Potential SOQL Injection
Severity: ERROR
Dynamic SOQL with string concatenation is vulnerable
Message: Dynamic SOQL with concatenation. Use bind variables or String.escapeSingleQuotes().
Missing WITH SECURITY_ENFORCED
Severity: WARNING
SOQL should enforce FLS/CRUD permissions
Message: SOQL without security enforcement. Add WITH SECURITY_ENFORCED.
Hardcoded Salesforce ID
Severity: WARNING
Record IDs differ between orgs
Message: Hardcoded Salesforce ID. Query by DeveloperName or ExternalId instead.
Hardcoded Credentials
Severity: ERROR
Credentials must use Named Credentials or Custom Metadata
Message: Hardcoded credentials. Use Named Credentials or Custom Metadata.
Direct DOM Manipulation in LWC
Severity: WARNING
LWC uses shadow DOM, direct manipulation breaks encapsulation
Message: Direct DOM access in LWC. Use this.template.querySelector() or data binding.
Reactive Property Without @track
Severity: INFO
Complex object properties need @track for reactivity
Message: Object assignment may need @track for reactivity (post-Spring '20 objects are auto-tracked).
Wire Without Refresh After DML
Severity: WARNING
Cached wire data becomes stale after updates
Message: DML after @wire without refreshApex.
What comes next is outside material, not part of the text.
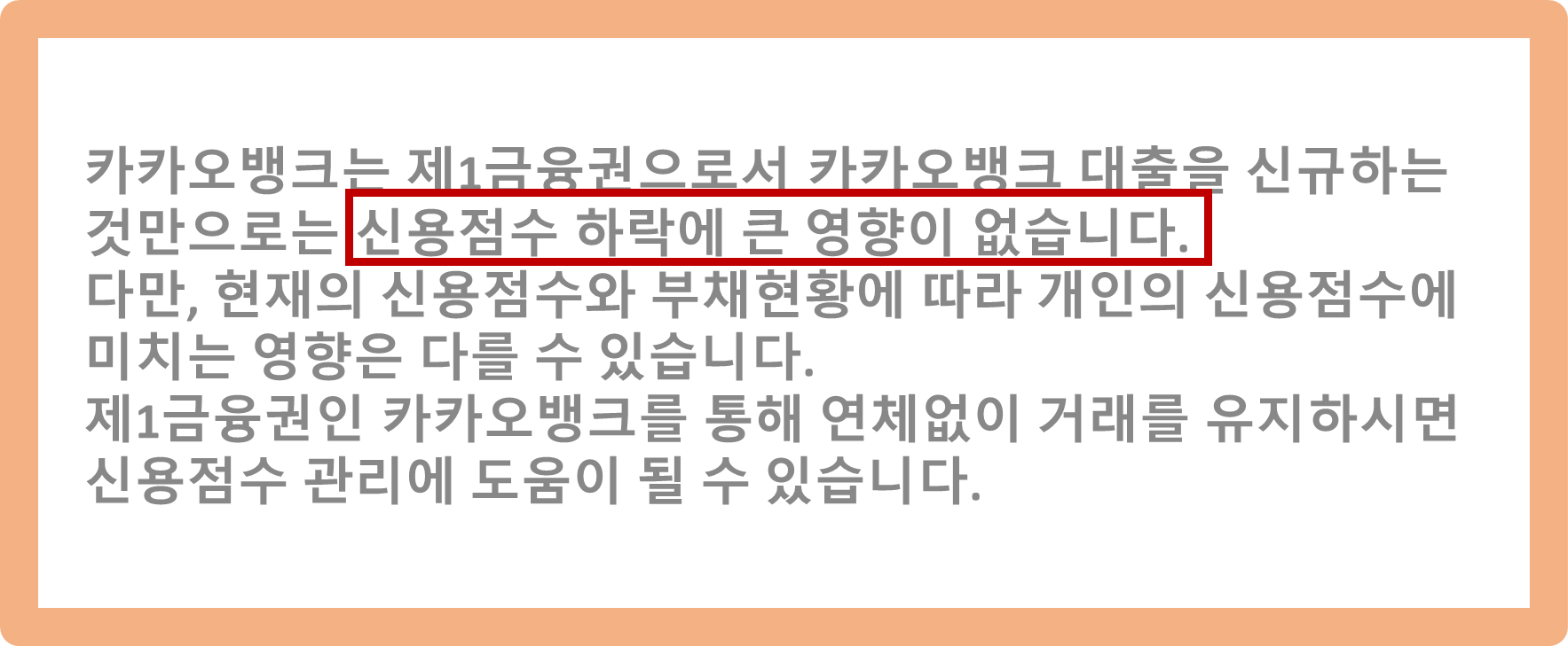 오히려 제1금융권인 카카오뱅크 상품을 이용하면서 연체없이 거래를 유지하면 신용점수가 올라갈 수 있으니, 반드시 연체가 발생하는 일이 없도록 해주세요.

Data may be stale.
Collaboration
Delegation Triggers
- user needs external API integration -> backend (REST API design, external system sync)
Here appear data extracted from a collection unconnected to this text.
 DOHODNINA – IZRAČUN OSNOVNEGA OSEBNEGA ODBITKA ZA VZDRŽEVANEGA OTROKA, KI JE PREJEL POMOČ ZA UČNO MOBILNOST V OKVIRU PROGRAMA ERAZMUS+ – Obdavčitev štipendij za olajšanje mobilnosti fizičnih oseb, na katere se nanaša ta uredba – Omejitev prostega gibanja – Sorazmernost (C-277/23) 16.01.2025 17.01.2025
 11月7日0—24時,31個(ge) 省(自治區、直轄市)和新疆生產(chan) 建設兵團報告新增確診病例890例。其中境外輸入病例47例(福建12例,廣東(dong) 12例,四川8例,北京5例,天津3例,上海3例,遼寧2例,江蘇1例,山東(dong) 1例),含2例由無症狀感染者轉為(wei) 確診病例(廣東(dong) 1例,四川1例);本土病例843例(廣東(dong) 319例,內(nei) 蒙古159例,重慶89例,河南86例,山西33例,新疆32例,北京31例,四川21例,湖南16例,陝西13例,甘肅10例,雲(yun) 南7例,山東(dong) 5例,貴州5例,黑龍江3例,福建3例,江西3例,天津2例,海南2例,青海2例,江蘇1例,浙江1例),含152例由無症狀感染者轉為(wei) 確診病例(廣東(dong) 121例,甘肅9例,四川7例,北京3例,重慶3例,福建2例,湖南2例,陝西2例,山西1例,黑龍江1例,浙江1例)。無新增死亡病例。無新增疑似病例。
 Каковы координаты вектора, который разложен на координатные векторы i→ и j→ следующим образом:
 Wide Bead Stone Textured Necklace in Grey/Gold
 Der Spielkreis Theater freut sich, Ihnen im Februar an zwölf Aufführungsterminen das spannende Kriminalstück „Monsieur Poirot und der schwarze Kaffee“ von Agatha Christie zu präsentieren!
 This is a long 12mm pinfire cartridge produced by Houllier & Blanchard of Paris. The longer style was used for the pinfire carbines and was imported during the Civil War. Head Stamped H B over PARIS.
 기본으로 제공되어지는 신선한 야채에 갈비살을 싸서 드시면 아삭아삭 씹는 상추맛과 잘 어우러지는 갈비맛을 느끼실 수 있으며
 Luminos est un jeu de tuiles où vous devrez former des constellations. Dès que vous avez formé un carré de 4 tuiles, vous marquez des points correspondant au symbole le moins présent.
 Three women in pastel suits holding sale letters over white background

- user needs complex UI beyond LWC -> frontend (Custom portal with React/Next.js)
- user needs HubSpot integration -> hubspot-integration (Salesforce-HubSpot sync patterns)
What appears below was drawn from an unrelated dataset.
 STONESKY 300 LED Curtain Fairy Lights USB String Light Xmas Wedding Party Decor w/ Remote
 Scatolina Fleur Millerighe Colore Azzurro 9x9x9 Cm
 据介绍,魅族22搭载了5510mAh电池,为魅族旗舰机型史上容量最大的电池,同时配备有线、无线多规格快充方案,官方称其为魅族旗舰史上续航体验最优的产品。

- user needs data warehouse sync -> data-engineer (ETL from Salesforce to warehouse)
- user needs payment processing -> stripe-integration (Beyond Salesforce Billing)
- user needs advanced auth -> auth-specialist (SSO, SAML, custom portals)
When to Use
- User mentions or implies: salesforce
- User mentions or implies: sfdc
- User mentions or implies: apex
- User mentions or implies: lwc
- User mentions or implies: lightning web components
- User mentions or implies: sfdx
- User mentions or implies: scratch org
- User mentions or implies: visualforce
- User mentions or implies: soql
- User mentions or implies: governor limits
- User mentions or implies: connected app
Limitations
- Use this skill only when the task clearly matches the scope described above.
- Do not treat the output as a substitute for environment-specific validation, testing, or expert review.
- Stop and ask for clarification if required inputs, permissions, safety boundaries, or success criteria are missing.